Grasi bukan upaya terakhir ditempuh Corby. Meskipun hukumannya telah dikurangi, perempuan itu ingin cepat menghirup udara bebas. Maka tim pengacaranya bersiap mengajukan pembebasan bersyarat. Indonesia pun menyodorkan sejumlah syarat.
Antara lain, Corby harus mengakui kesalahannya. Selama ini, dia bersikukuh hanya sebagai korban kesalahan penanganan bagasi Qantas di Bandara Sydney, Australia, yang menempatkan ganja ke tas miliknya. Kedua, Corby harus mau bekerja sama dengan Badan Narkotika Nasional (BNN) RI sebagai justice collaborator. Ketiga, dia harus dijamin berkelakuan baik.

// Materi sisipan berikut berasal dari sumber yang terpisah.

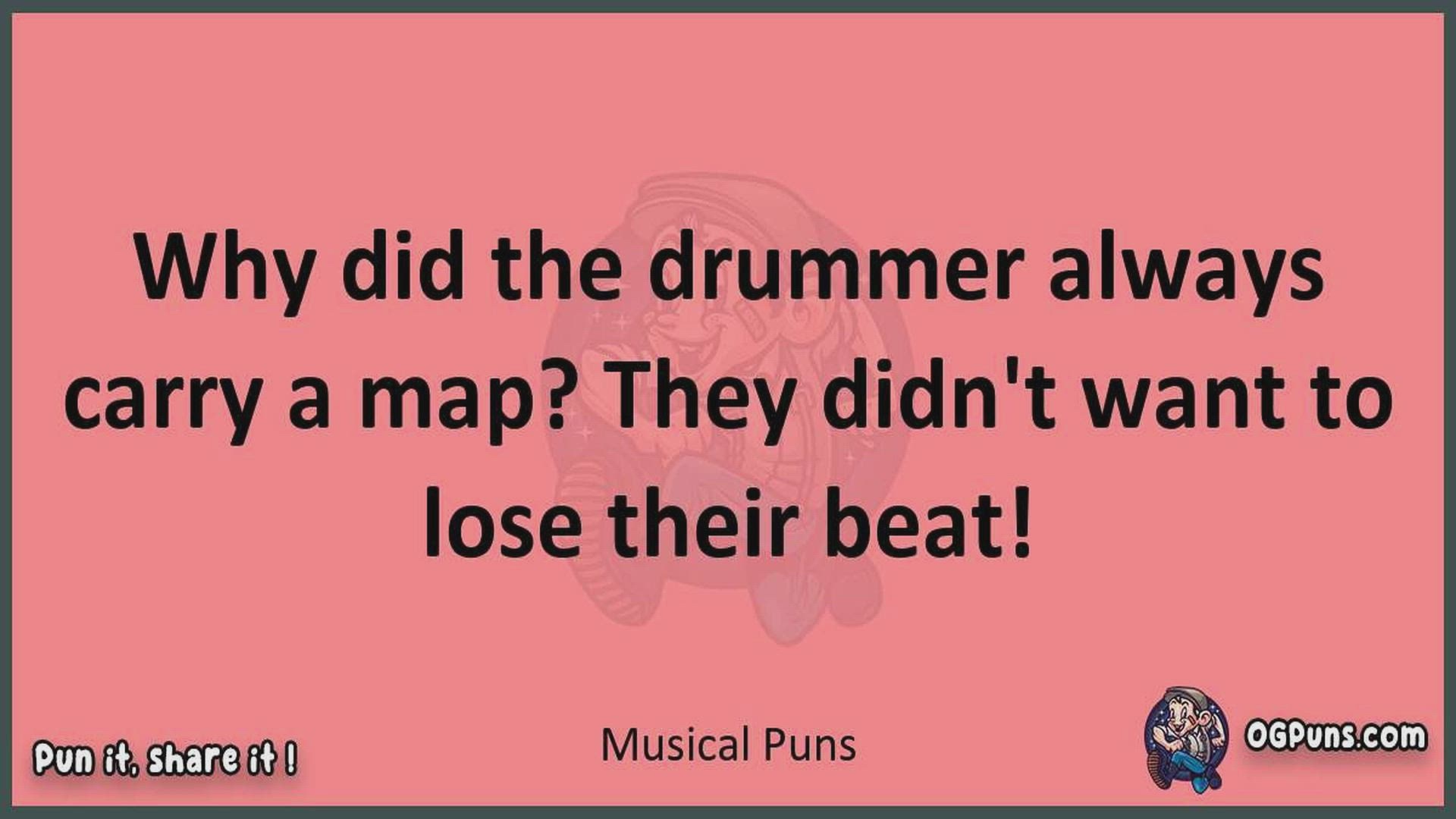 Delve into the delightful world of Musical Puns ! Here, you'll find an entertaining mix of jokes, puns, quips, and wordplay. Each piece is crafted to offer a quick escape into humor, perfect for a light-hearted moment in any day. Whether you're seeking a chuckle or a clever twist on familiar themes, this collection promises to deliver smiles and laughter. Embrace the lighter side of life with humor that's both witty and refreshing."

Untuk syarat ketiga ini, Australia setuju. Surat jaminan pun diteken “Bukan hal mudah bagi sebuah pemerintahan mengeluarkan surat semacam itu,” kata pengacara Corby, Iskandar Nawing. Bila berhasil bebas, Corby ingin tinggal di Bali bersama kakak perempuannya, Mercedes, dan iparnya, Wayan Widyartha.
Lobi negara asing atas warga mereka yang terlibat kasus narkoba di Indonesia, menurut Amir, sah-sah saja. “Selama tidak bertentangan dengan peraturan, tidak apa. Tapi kalau bertentangan, maka peraturan Indonesia yang harus dipegang,” kata dia.
Dalam kasus Corby, ujar Amir, pertimbangan lain mendasari dikeluarkannya grasi atas dia adalah karena narkotika yang dibawa Corby masuk ke Indonesia pada tahun 2004 berjenis ganja. Di sejumlah negara, sanksi terhadap terpidana ganja lebih ringan daripada narkotika lainnya. “Beberapa negara bahkan menghapuskan sanksi pidana terhadap kasus ganja,” kata Amir.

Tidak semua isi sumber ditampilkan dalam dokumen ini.